Take the lines below from the one with "按照深交所相关规定,公司股票" through the one with "공장에 마련된 이동식" and retype them exactly. Include nothing else, and no pictures.

:: MATERIAL PROVIDED ::
[Start of section]

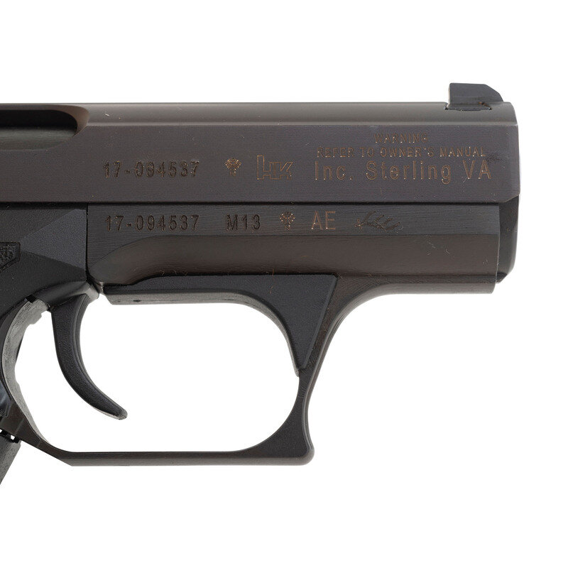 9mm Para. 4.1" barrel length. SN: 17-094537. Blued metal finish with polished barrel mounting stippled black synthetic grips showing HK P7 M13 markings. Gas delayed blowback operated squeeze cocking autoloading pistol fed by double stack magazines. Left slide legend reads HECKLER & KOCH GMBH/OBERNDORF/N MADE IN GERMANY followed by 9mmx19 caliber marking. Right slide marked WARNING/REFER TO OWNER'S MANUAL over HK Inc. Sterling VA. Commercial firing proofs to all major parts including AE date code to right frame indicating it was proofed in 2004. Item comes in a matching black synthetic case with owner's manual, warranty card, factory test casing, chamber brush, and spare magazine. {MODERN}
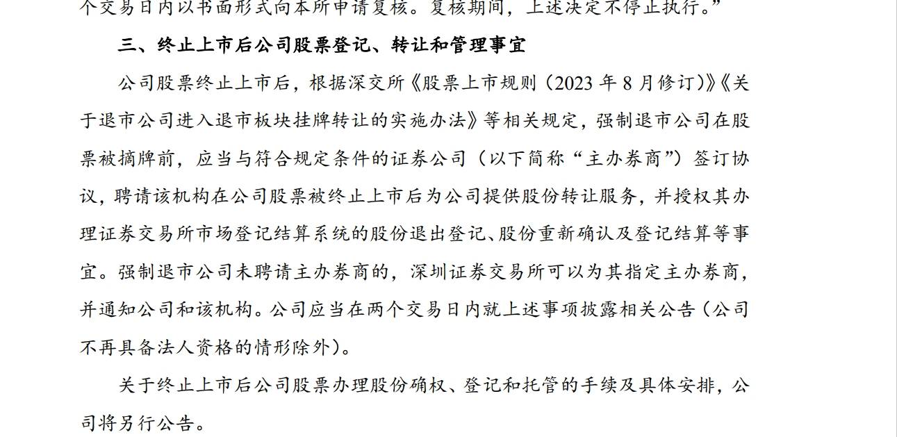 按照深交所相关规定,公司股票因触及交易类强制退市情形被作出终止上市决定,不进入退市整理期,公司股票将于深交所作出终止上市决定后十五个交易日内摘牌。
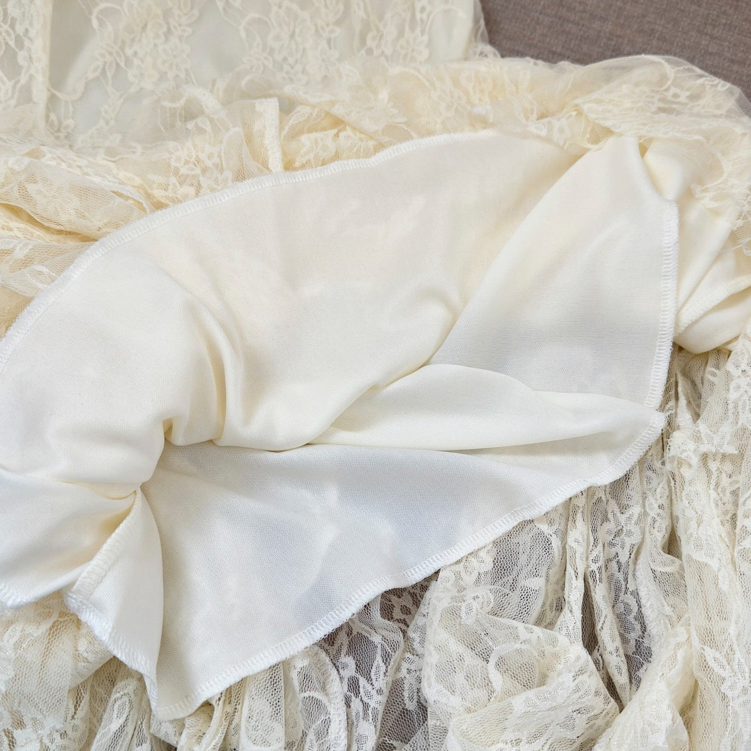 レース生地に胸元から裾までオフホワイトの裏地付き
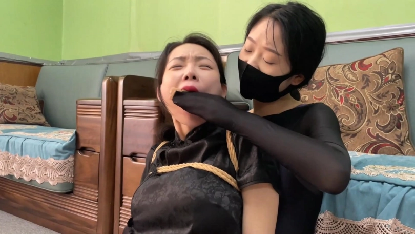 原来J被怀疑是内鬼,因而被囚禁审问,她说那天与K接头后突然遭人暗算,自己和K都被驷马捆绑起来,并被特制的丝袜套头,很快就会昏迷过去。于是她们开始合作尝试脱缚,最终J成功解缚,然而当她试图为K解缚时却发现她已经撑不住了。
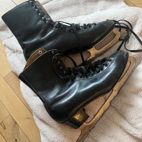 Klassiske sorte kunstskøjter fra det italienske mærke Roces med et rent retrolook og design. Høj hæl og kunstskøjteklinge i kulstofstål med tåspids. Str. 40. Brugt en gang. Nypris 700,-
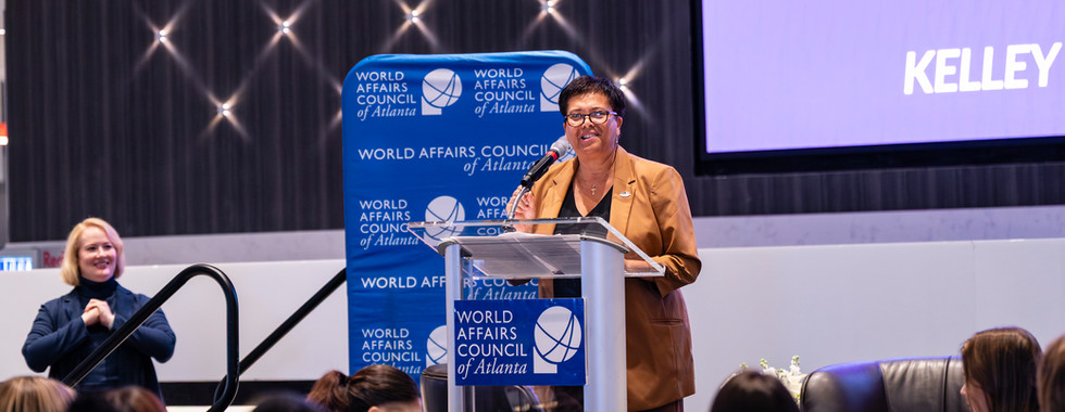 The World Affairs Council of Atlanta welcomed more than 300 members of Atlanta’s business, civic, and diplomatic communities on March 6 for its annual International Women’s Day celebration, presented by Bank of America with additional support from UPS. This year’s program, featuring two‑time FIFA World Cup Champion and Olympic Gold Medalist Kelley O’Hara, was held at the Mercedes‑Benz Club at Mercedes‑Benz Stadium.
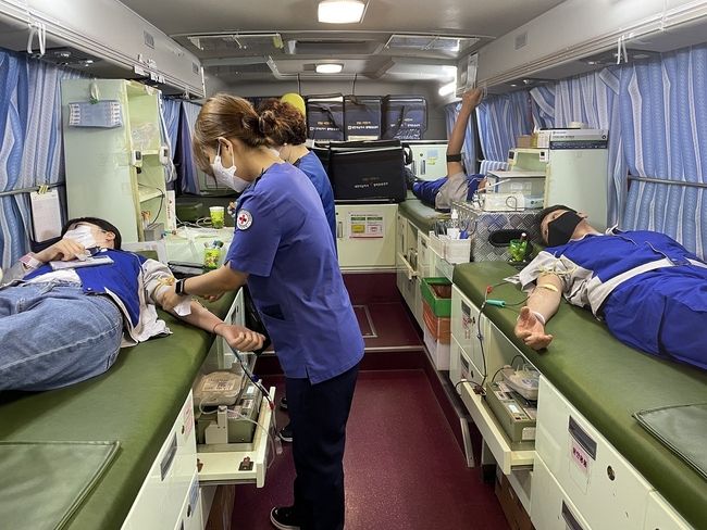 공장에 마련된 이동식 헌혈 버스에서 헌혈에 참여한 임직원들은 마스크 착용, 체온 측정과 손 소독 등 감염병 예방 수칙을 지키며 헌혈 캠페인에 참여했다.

[End of section]
[Start of section]

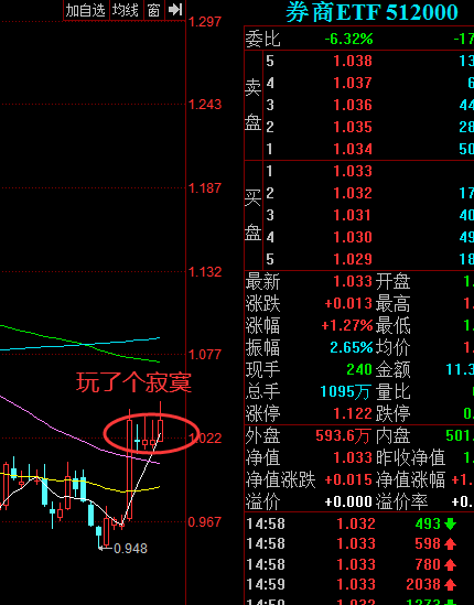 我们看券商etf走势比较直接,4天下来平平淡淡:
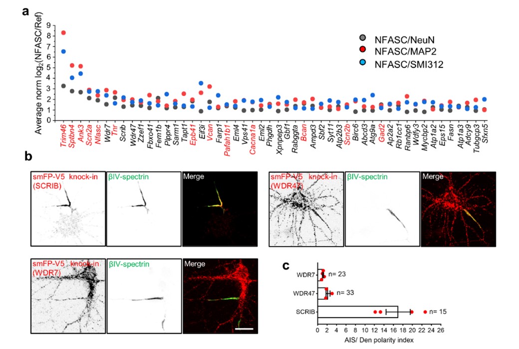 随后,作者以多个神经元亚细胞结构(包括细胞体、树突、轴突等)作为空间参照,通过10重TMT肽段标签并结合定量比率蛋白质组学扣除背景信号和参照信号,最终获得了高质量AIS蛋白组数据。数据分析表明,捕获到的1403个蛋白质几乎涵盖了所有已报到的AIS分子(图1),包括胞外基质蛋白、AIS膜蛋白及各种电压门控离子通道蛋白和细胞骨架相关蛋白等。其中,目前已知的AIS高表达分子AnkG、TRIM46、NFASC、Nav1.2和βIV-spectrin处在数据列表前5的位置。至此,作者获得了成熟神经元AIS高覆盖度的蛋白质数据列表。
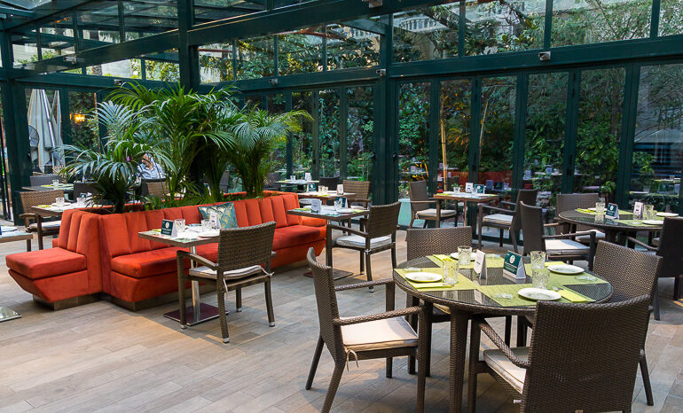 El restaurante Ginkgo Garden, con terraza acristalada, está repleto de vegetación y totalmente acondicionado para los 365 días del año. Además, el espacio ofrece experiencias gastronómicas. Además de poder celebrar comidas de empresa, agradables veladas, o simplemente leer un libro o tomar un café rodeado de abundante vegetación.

[End of section]

:: EXERCISE RESPONSE ::
 按照深交所相关规定,公司股票因触及交易类强制退市情形被作出终止上市决定,不进入退市整理期,公司股票将于深交所作出终止上市决定后十五个交易日内摘牌。
 レース生地に胸元から裾までオフホワイトの裏地付き
 原来J被怀疑是内鬼,因而被囚禁审问,她说那天与K接头后突然遭人暗算,自己和K都被驷马捆绑起来,并被特制的丝袜套头,很快就会昏迷过去。于是她们开始合作尝试脱缚,最终J成功解缚,然而当她试图为K解缚时却发现她已经撑不住了。
 Klassiske sorte kunstskøjter fra det italienske mærke Roces med et rent retrolook og design. Høj hæl og kunstskøjteklinge i kulstofstål med tåspids. Str. 40. Brugt en gang. Nypris 700,-
 The World Affairs Council of Atlanta welcomed more than 300 members of Atlanta’s business, civic, and diplomatic communities on March 6 for its annual International Women’s Day celebration, presented by Bank of America with additional support from UPS. This year’s program, featuring two‑time FIFA World Cup Champion and Olympic Gold Medalist Kelley O’Hara, was held at the Mercedes‑Benz Club at Mercedes‑Benz Stadium.
 공장에 마련된 이동식 헌혈 버스에서 헌혈에 참여한 임직원들은 마스크 착용, 체온 측정과 손 소독 등 감염병 예방 수칙을 지키며 헌혈 캠페인에 참여했다.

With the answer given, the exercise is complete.